Dass nun ausgerechnet die vernünftigen Japaner, die bis dahin (mit Ausnahmen wie dem Honda CRX oder dem Toyota MR2) eher mit braven, konservativen Limousinen in Amerika und Europa punkten konnten, diese Lücke schließen würden, war so nicht zu erwarten. Auch nicht der Einfluss, den die erste MX-5-Generation auch aktuell auf die Automobilindustrie hat. Mercedes SLK, BMW Z4, Audi TT Roadster, Porsche Boxster - all diese Modelle würde es ohne den MX-5 heute in der Form ganz sicher nicht geben. Es sei denn, ein anderer Hersteller wäre auf den Trichter gekommen, solch ein Auto zu bauen. Das hätte aber wohl noch einige Jahre gedauert, zumal selbst eine Weltmarke wie Mercedes bis 1996 brauchte, um ein ähnliches Vehikel auf den Markt zu bringen und somit etwas von dem großen Kuchen abzubekommen. Der SLK überholte denn auch gleich den Mazda und wurde erfolgreichster Roadster - allerdings war er deutlich teurer und machte längst nicht so viel Spaß wie das japanische Original.
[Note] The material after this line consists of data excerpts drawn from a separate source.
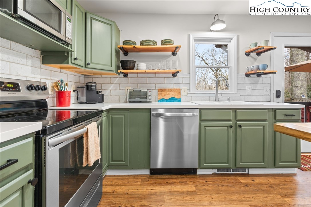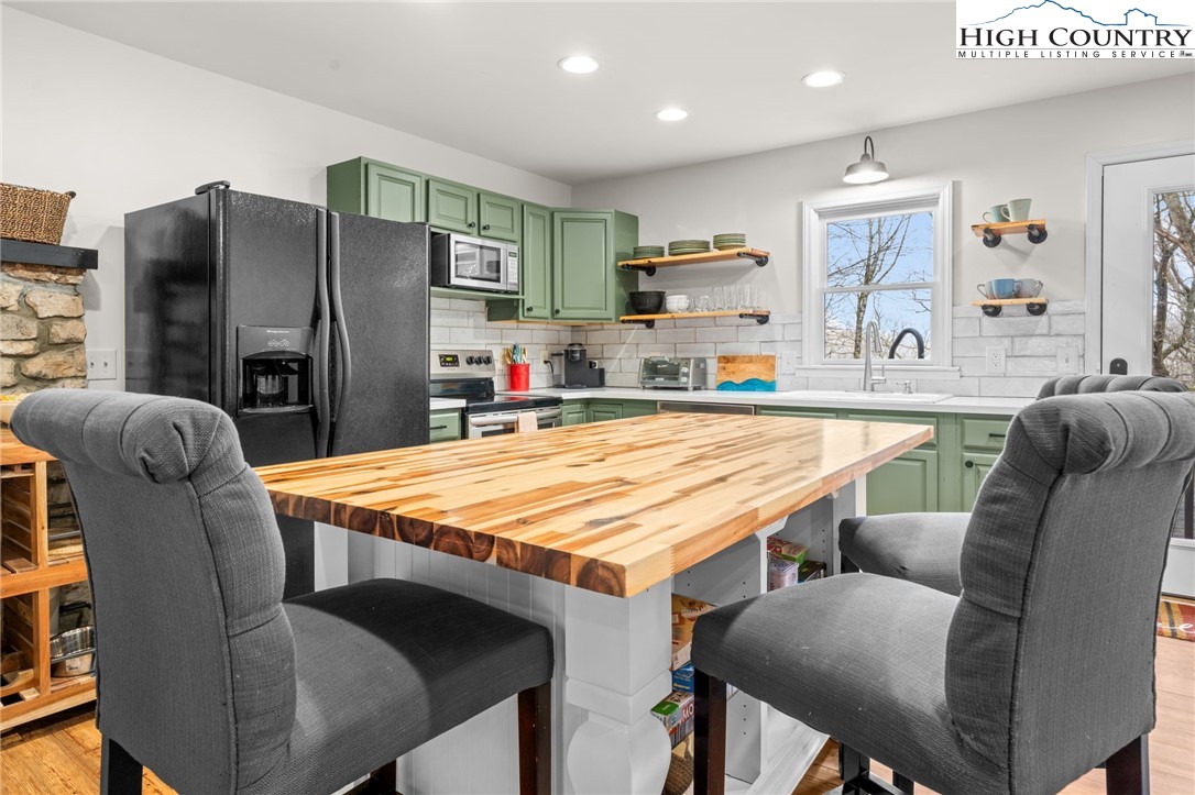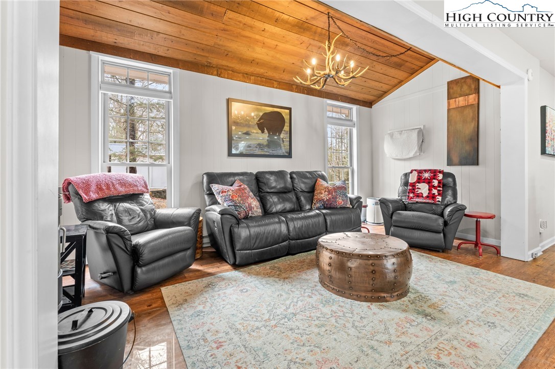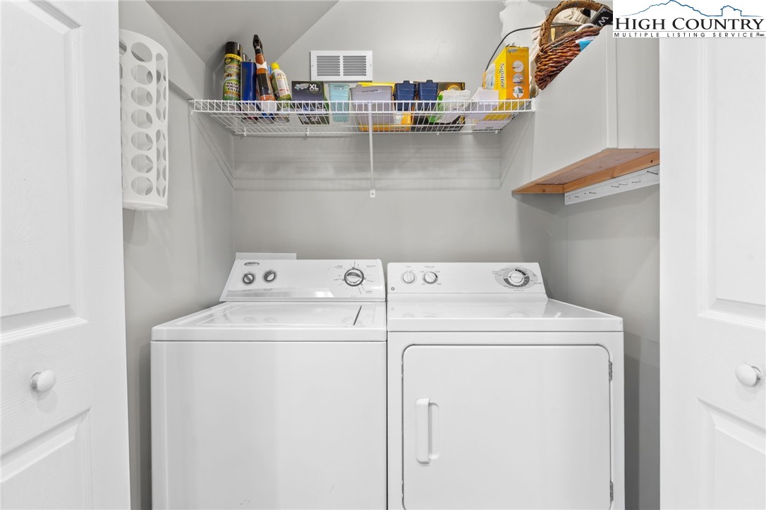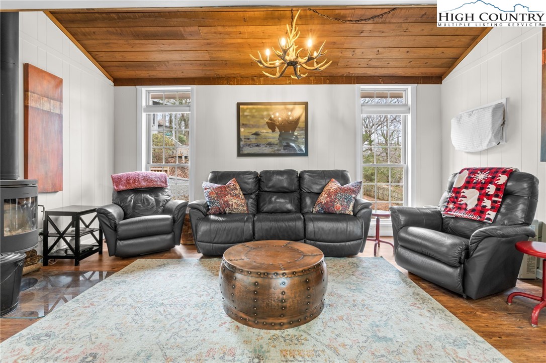 This delightful cottage in Blowing Rock is the perfect mountain getaway! Situated just 2 miles from downtown Blowing Rock and only a mile from the stunning Blue Ridge Parkway, its location is ideal for those eager to soak in the beauty of the Appalachian Mountains. As you enter, you're welcomed into a warm, inviting atmosphere that transitions seamlessly from the living room to the kitchen. The spacious layout is enhanced by a Morso wood stove, which brings a cozy mountain charm and is perfect for chilly evenings. With an abundance of windows, natural light pours into the space, creating a bright and uplifting ambiance. On the main floor, you'll find a thoughtfully designed kitchen featuring all-new painted cabinets and a butcher-block-centered island, perfect for meal prep and social gatherings. A full bathroom adds convenience, alongside a laundry area that boosts the home's functionality. Step out onto the large back deck, where you can unwind in the hot tub or fire up the grill, and there's a fenced-in backyard for your furry companions—making it an excellent spot for entertaining or simply enjoying the tranquility of warmer days. Venture upstairs to discover two cozy bedrooms, each equipped with plenty of closet space for comfort. A shared en suite conveniently connects both rooms, enhancing practicality. This property not only serves as a lovely escape but also generates impressive rental income as a short-term investment, providing a fantastic opportunity to earn while enjoying your mountain retreat. It comes turn-key and fully furnished, ready for you or your guests to enjoy from day one!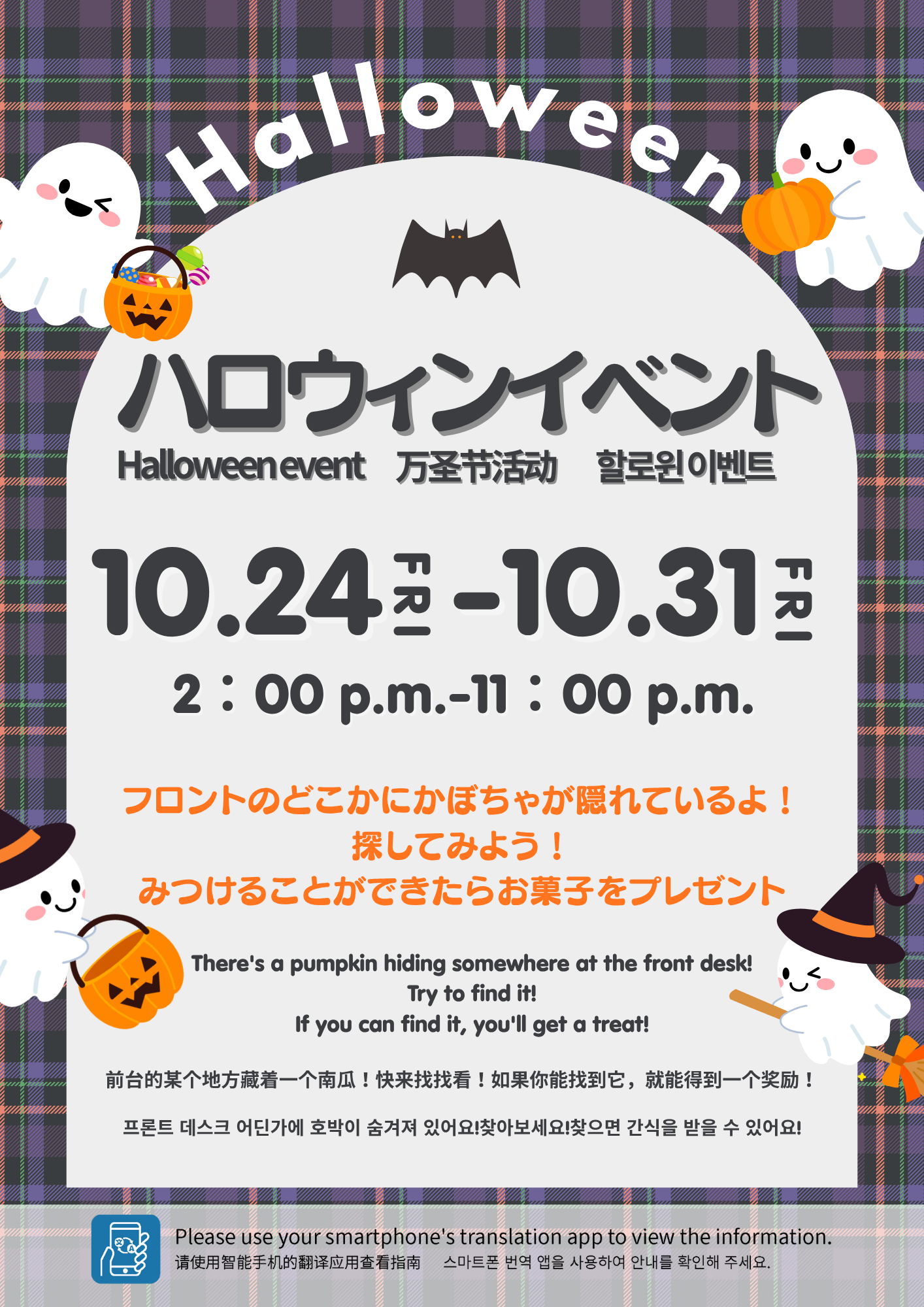 ハロウィン気分を楽しみながら、ホテルでのひとときをお過ごしください🎃
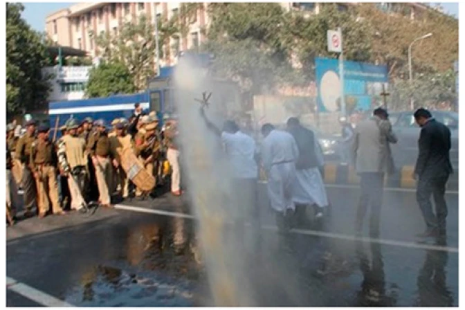 La policía usó potentes cañones de agua sucia a presión contra los manifestantes y metió en furgones y autobuses a los líderes de la manifestación, arrestando al Arzobispo de Nueva Delhi, Mons. Anil Couto, los obispos protestantes Alwan Masih (anglicano) y Roger Gaikwad, el líder evangélico Vijayesh Lal y el católico John Dayal, secretario general del All India Christian Council, entre otros líderes.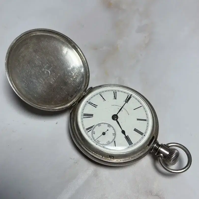 방문해 주셔서 감사합니다. Waltham의 앤티크 회중시계입니다. 실버 케이스에 화이트 다이얼, 로마 숫자 인덱스가 클래식한 분위기를 자아냅니다. 약 130년 전의 것으로 생각되는 회중시계입니다. 케이스는 코인 실버제로, 무브먼트 상태도 좋고 깨끗합니다. 태엽을 감으면 문제없이 작동하며, 24시간 이상의 연속 작동을 확인했습니다. Waltham 은 제품 순은 925 실버 스털링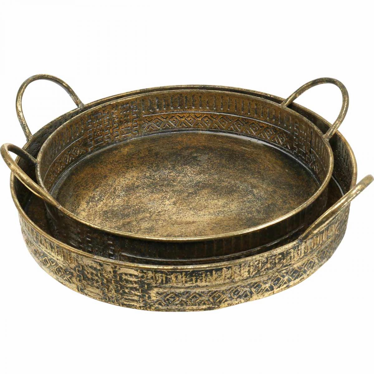 Dekoschale mit Griffen, Pflanztablett gemustert, Metallgefäß Golden, Antik-Optik B45,5/42cm Ø39,5/34cm 2er-Set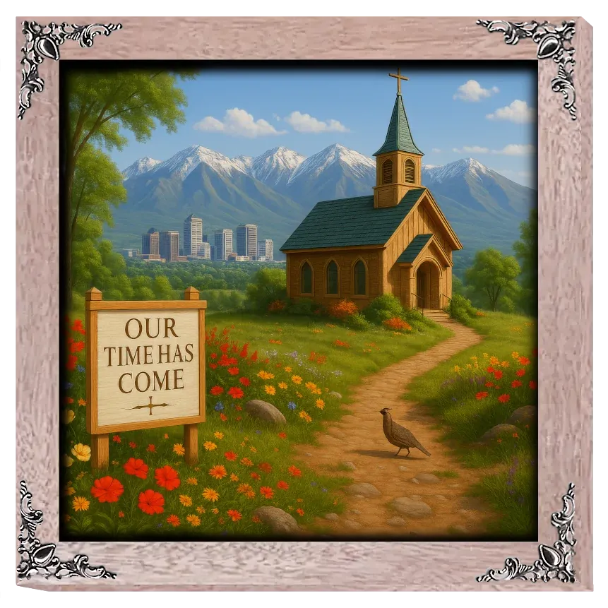 Bright Utah sunshine illuminates the wooden chapel nestled among wildflowers as the Wasatch Mountains rise in majestic clarity beyond the Salt Lake City skyline. A quail wanders the path, and the sign declaring ‘Our Time Has Come’ brings a hopeful message to this scene of mountain beauty and profound stillness in the Beehive State.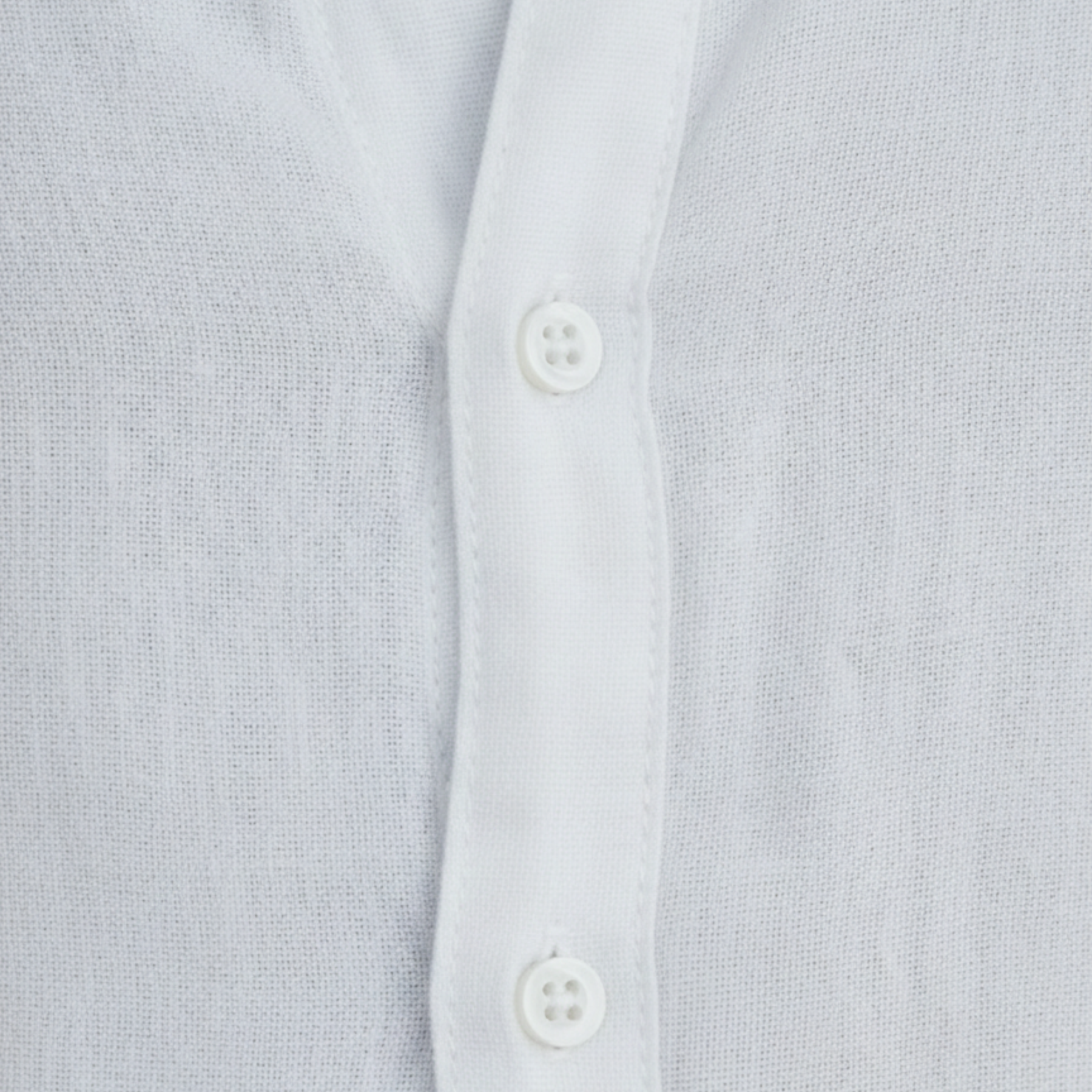 This men’s linen shirt is designed for adult wear and features a mandarin collar with a full button front and long sleeves. Made from linen and presented in a solid white and black color, the shirt is intended for warm weather and everyday casual use. It can be worn on its own or layered, with sleeves styled rolled or down, making it suitable for summer and transitional seasons where a lightweight and breathable shirt style is preferred.

So blieb der MX-5 über die Jahre und mittlerweile Jahrzehnte konkurrenzlos. Die Deutschen waren zu teuer und zu weich, die Italiener (Fiat Barchetta) und Briten (MGF, Lotus Elise) zu exotisch und unzuverlässig, darüber hinaus waren sie alle nur Kopien des Wagens, der Cabriofahren in Europa wieder salonfähig machte. Was sagte man damals bitte aus, wenn man ein Escort oder Kadett Cabrio fuhr? Der Mazda brauchte im Übrigen nie besonders viel Leistung, um seinen Fahrern ein Grinsen ins Gesicht zu zaubern: Selbst in der aktuellen dritten Generation reichen die 160 PS im Topmodell völlig aus. Besonders beeindruckend ist die Beständigkeit, mit der Mazda es geschafft hat, den MX- 5 über die Jahre frisch zu halten und trotzdem noch Anleihen beim ersten Modell nicht zu verleugnen und die ursprüngliche Form beizubehalten. Manche britische Autofans regen sich weiterhin über den japanischen Roadster auf, die Idee sei geklaut und es dürfe nicht sein, dass die Asiaten sich mit ihren Federn schmückten. Dabei hat Mazda fast genauso viel geleistet: eine ausgestorbene automobile Gattung neu belebt und Nachahmer hervorgebracht, die dafür sorgen werden, dass auch in Zukunft für eine bunte Artenvielfalt gesorgt ist.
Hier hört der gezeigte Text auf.